AIM OF THE EXERCISE:
Below are records; the lines starting at the one with "HULKMAN Sigma Cargador" and ending at the one with "коробу под решёткой." must be reproduced exactly, both included. Pictures must not appear.

* * * * * * *

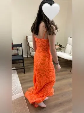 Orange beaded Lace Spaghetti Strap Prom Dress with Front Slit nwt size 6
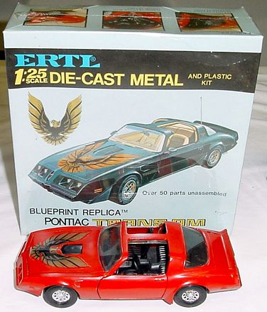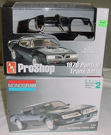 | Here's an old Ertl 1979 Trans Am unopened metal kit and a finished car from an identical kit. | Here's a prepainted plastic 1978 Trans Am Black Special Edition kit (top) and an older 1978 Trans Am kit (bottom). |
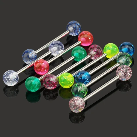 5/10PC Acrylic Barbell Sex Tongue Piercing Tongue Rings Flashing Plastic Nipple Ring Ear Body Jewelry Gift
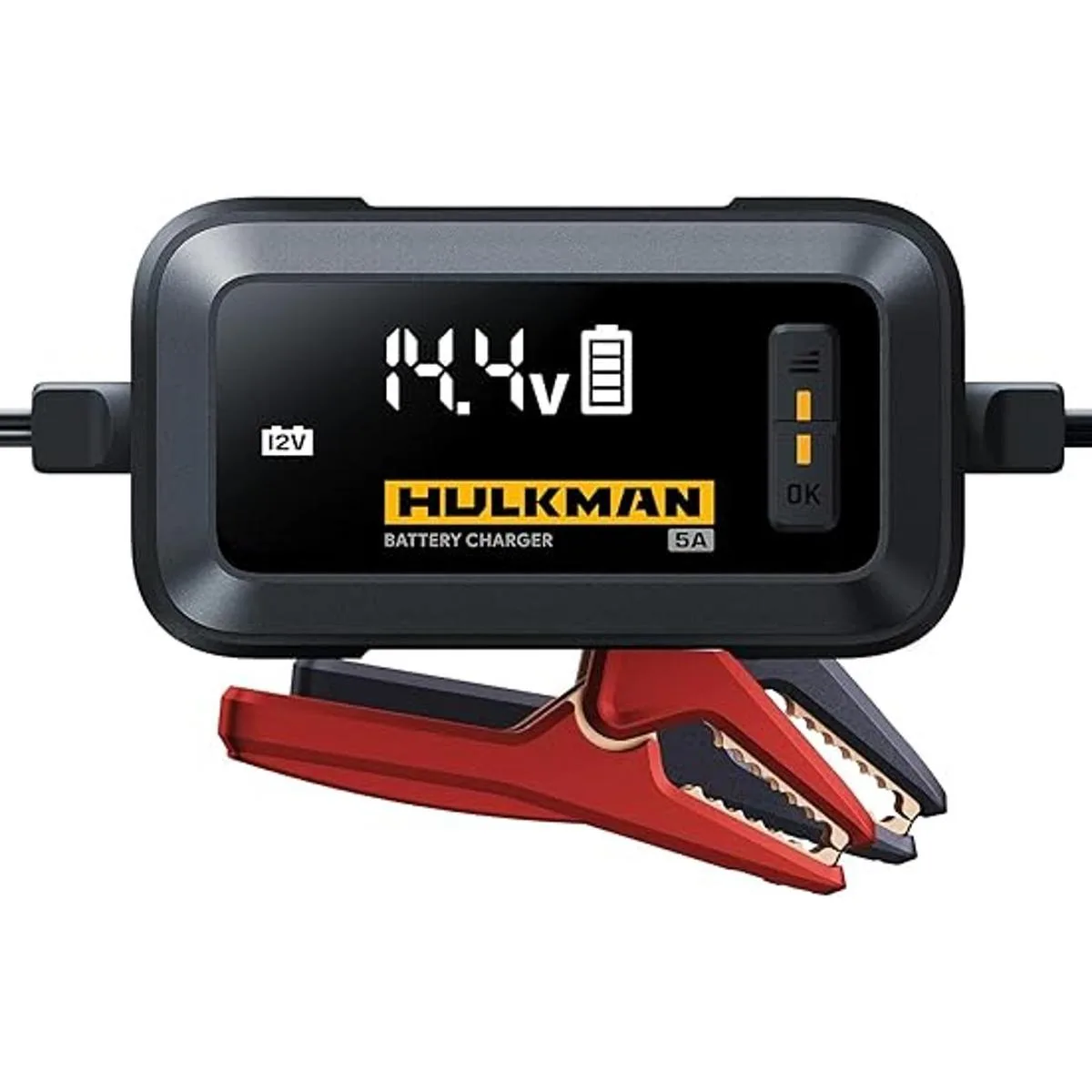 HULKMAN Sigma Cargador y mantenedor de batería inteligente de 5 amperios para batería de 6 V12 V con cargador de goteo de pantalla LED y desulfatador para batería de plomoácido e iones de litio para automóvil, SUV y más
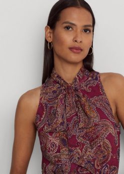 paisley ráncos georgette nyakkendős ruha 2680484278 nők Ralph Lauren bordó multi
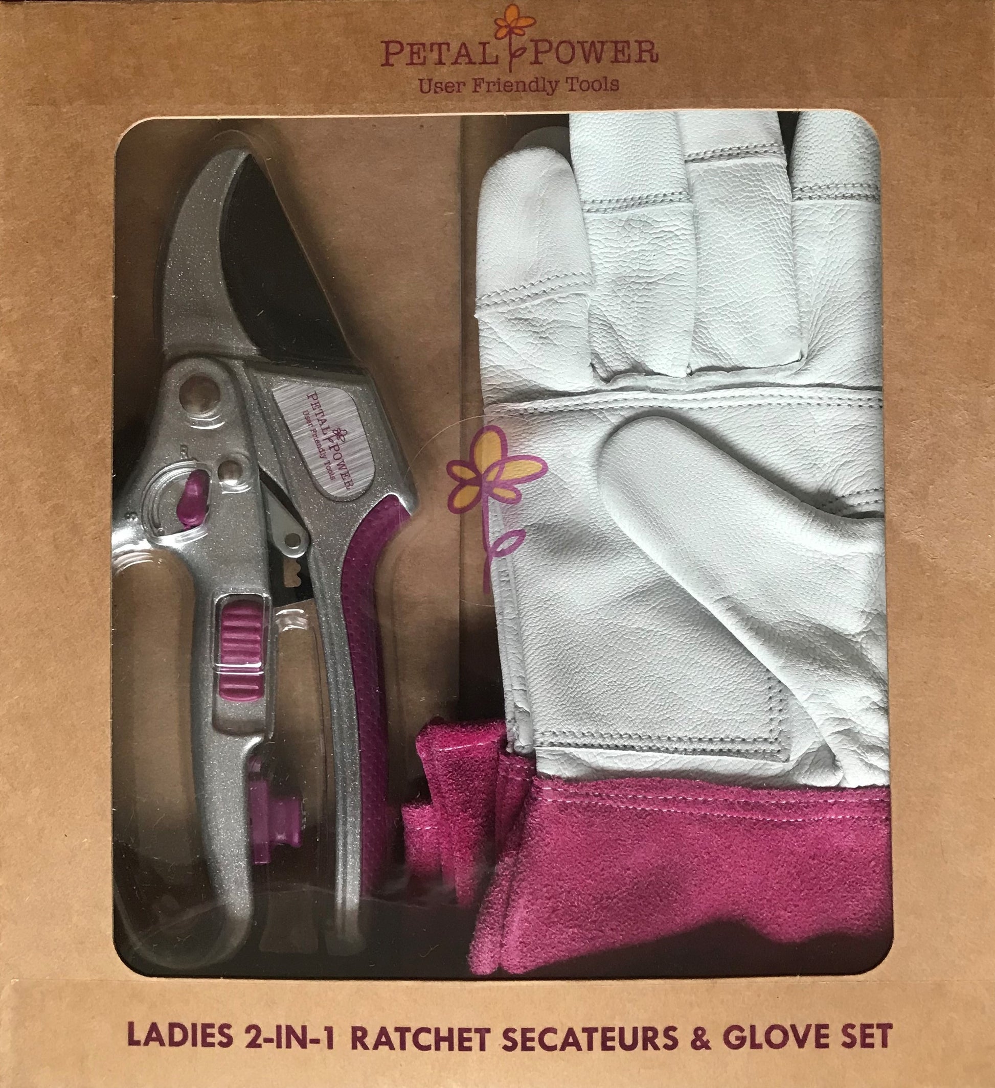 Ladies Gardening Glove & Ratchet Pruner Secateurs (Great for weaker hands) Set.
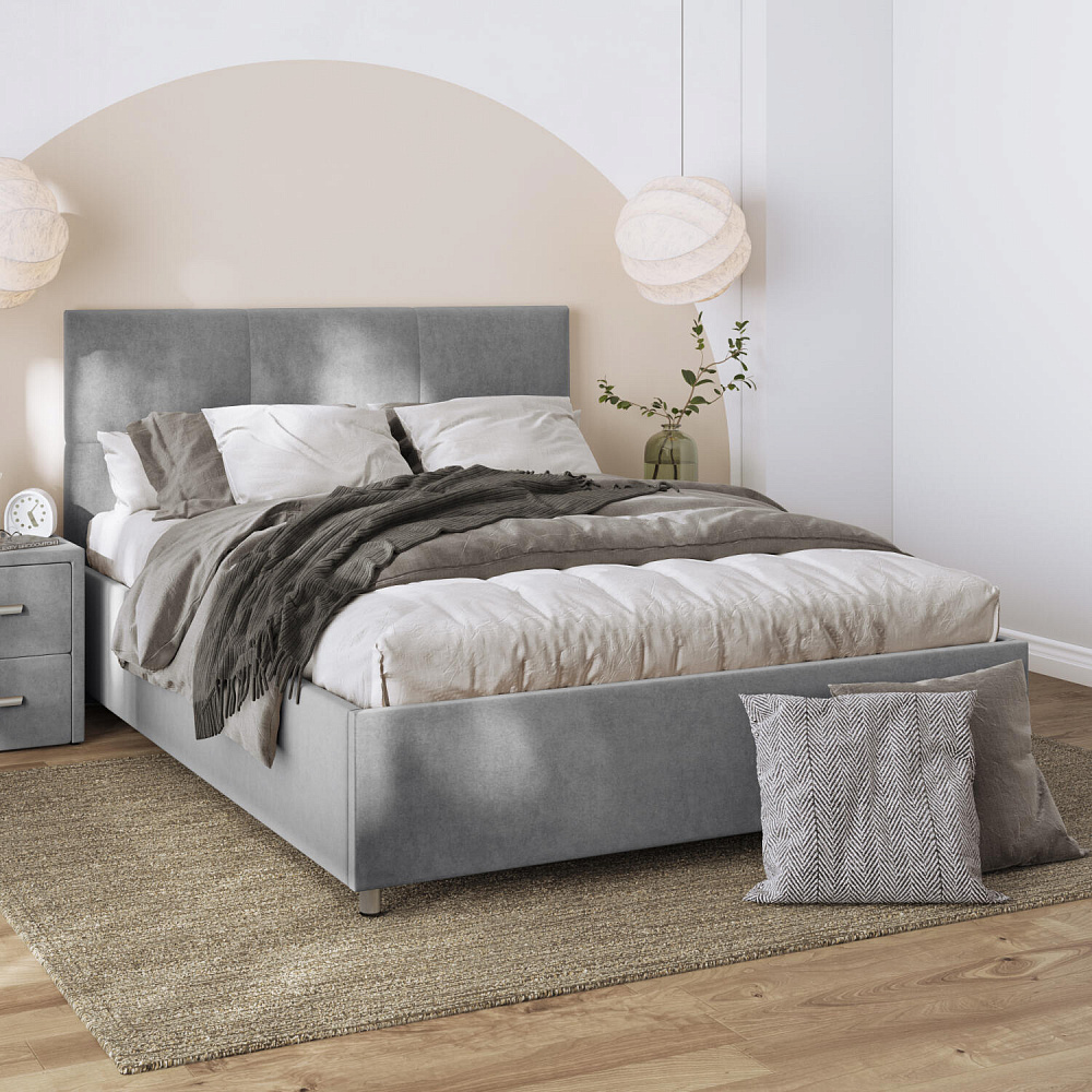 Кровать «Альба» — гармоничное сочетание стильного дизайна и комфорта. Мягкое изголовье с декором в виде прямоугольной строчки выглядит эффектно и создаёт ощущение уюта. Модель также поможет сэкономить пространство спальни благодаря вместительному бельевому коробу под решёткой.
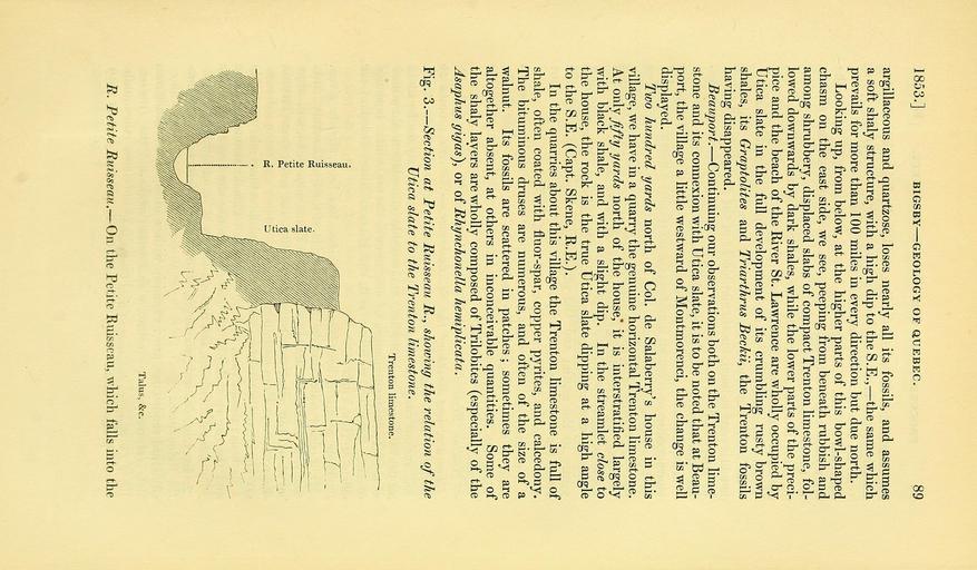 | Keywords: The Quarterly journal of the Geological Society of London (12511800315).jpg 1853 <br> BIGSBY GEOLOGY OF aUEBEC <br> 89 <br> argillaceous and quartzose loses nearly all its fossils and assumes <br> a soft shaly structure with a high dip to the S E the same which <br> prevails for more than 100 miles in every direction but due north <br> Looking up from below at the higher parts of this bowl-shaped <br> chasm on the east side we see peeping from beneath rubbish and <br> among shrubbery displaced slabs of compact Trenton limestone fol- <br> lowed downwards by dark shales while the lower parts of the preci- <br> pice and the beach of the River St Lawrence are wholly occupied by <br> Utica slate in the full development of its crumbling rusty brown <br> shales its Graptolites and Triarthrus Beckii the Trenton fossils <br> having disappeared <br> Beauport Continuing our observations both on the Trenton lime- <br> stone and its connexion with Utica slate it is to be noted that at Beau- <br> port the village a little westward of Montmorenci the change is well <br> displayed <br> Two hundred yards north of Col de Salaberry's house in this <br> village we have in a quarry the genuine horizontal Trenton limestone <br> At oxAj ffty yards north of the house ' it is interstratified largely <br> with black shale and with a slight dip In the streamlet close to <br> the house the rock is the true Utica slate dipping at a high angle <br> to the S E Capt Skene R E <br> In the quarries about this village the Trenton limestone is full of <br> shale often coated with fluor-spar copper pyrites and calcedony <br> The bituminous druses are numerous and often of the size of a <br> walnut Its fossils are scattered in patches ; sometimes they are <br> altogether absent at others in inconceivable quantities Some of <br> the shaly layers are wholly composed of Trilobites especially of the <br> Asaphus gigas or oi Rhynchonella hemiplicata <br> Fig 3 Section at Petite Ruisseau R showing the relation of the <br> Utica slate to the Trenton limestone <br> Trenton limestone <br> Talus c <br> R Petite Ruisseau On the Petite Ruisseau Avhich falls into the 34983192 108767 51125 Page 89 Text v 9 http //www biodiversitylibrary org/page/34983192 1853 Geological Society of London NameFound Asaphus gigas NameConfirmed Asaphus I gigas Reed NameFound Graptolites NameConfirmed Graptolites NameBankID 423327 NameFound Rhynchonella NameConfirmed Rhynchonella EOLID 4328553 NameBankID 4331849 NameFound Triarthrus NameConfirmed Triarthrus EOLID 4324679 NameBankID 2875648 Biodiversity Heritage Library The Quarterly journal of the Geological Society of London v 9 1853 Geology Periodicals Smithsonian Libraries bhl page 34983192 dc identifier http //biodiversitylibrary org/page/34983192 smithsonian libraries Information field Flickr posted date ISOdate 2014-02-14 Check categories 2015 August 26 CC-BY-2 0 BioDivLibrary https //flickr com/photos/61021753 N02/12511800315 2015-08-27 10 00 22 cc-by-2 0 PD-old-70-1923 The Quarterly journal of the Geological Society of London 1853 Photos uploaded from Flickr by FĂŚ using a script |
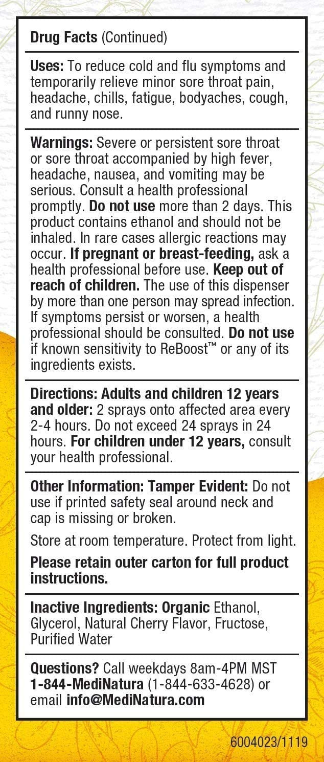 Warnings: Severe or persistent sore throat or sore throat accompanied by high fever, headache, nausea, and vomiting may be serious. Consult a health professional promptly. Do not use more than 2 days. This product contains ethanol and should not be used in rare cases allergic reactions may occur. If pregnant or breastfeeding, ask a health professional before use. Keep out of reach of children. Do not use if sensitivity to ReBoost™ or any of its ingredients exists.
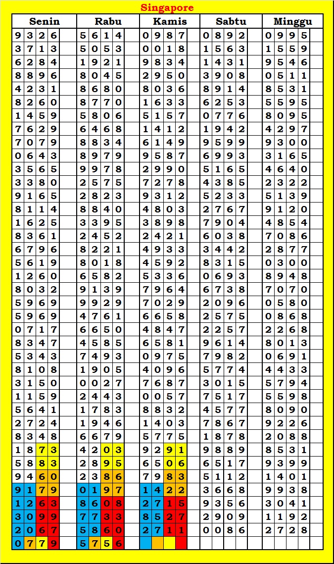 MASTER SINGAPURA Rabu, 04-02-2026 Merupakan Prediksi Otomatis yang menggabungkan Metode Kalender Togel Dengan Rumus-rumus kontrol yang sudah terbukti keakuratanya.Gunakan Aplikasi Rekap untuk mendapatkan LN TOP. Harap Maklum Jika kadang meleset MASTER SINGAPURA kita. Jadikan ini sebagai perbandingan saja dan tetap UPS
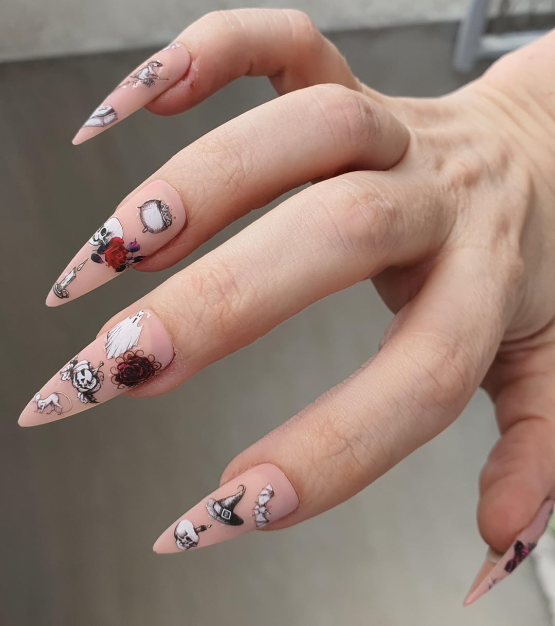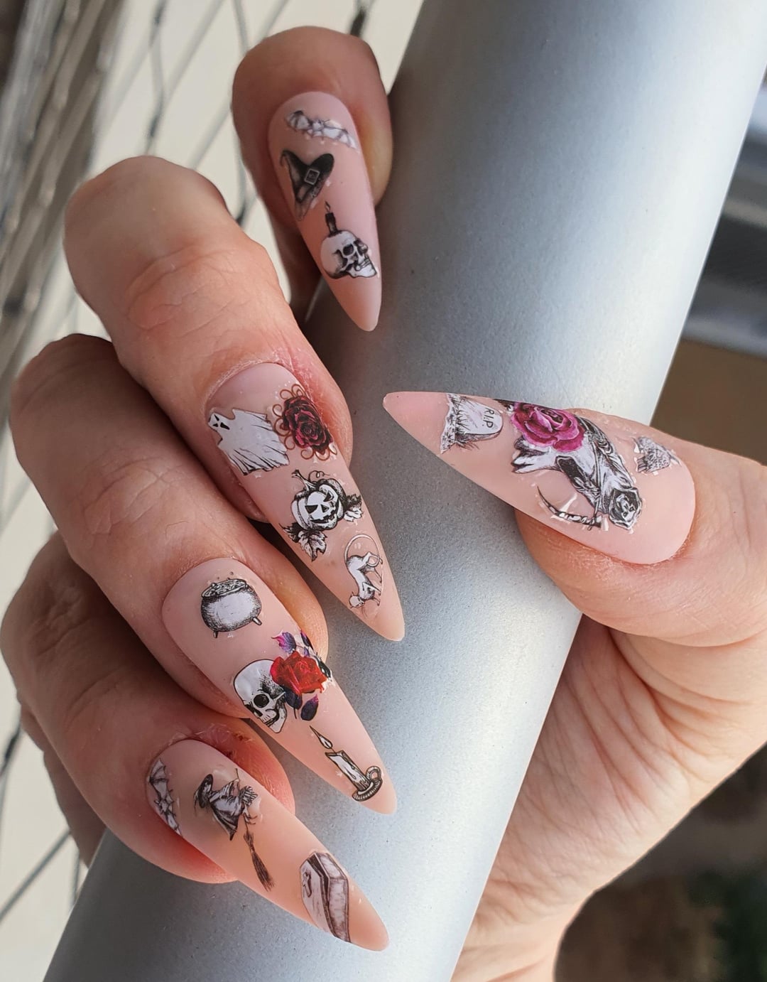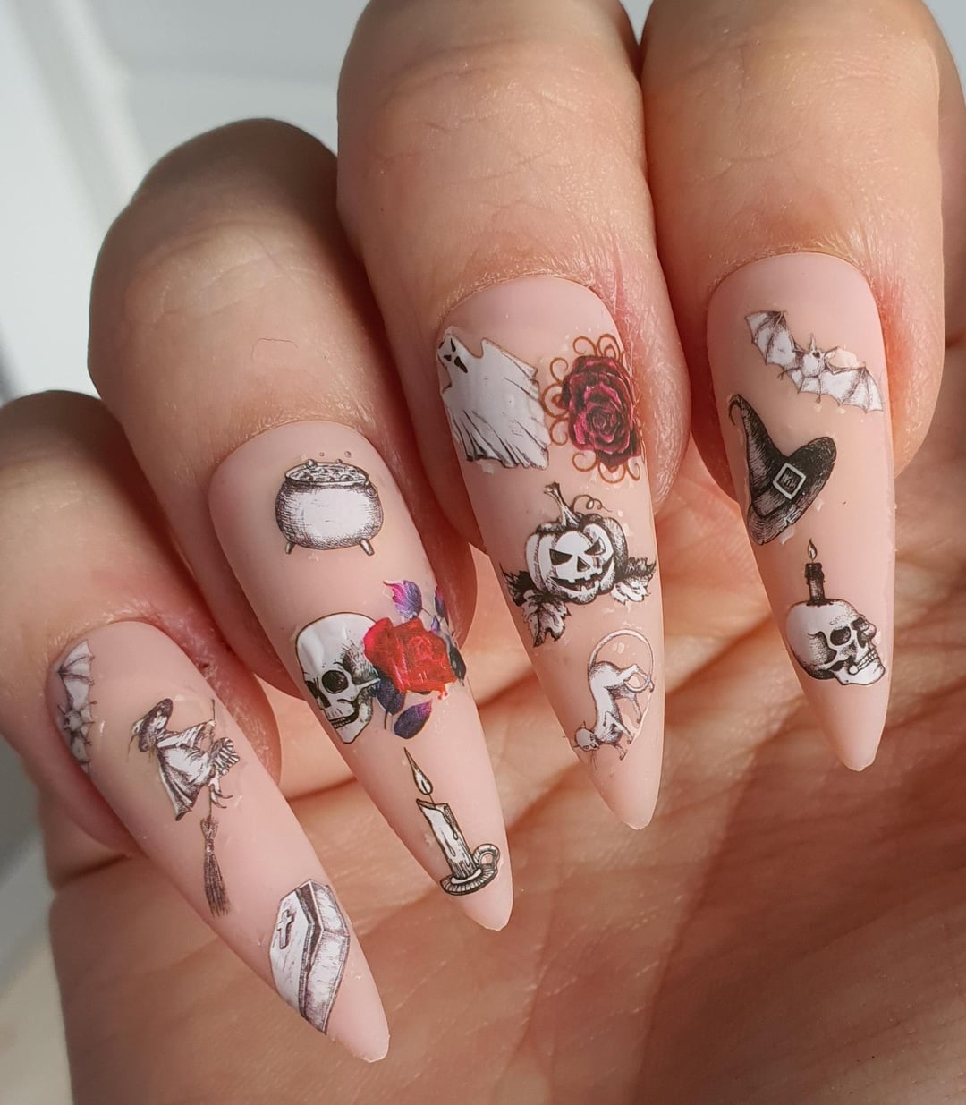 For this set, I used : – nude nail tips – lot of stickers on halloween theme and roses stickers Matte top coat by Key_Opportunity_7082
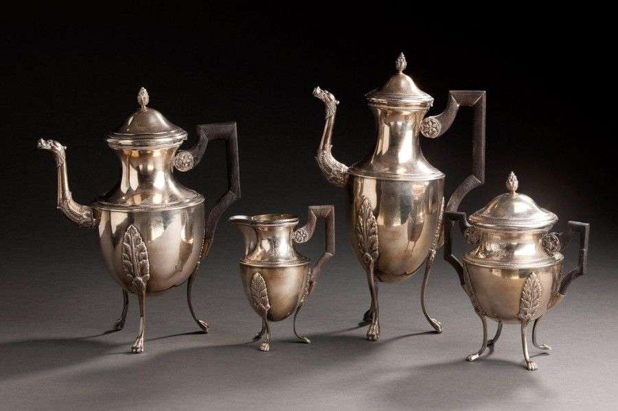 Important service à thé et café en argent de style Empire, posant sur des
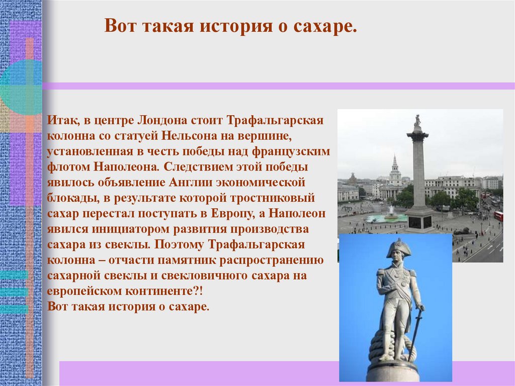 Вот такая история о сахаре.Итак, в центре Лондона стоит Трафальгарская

* * * * * * *

RESPONSE TO THE TASK:
 HULKMAN Sigma Cargador y mantenedor de batería inteligente de 5 amperios para batería de 6 V12 V con cargador de goteo de pantalla LED y desulfatador para batería de plomoácido e iones de litio para automóvil, SUV y más
 paisley ráncos georgette nyakkendős ruha 2680484278 nők Ralph Lauren bordó multi
 Ladies Gardening Glove & Ratchet Pruner Secateurs (Great for weaker hands) Set.
 Кровать «Альба» — гармоничное сочетание стильного дизайна и комфорта. Мягкое изголовье с декором в виде прямоугольной строчки выглядит эффектно и создаёт ощущение уюта. Модель также поможет сэкономить пространство спальни благодаря вместительному бельевому коробу под решёткой.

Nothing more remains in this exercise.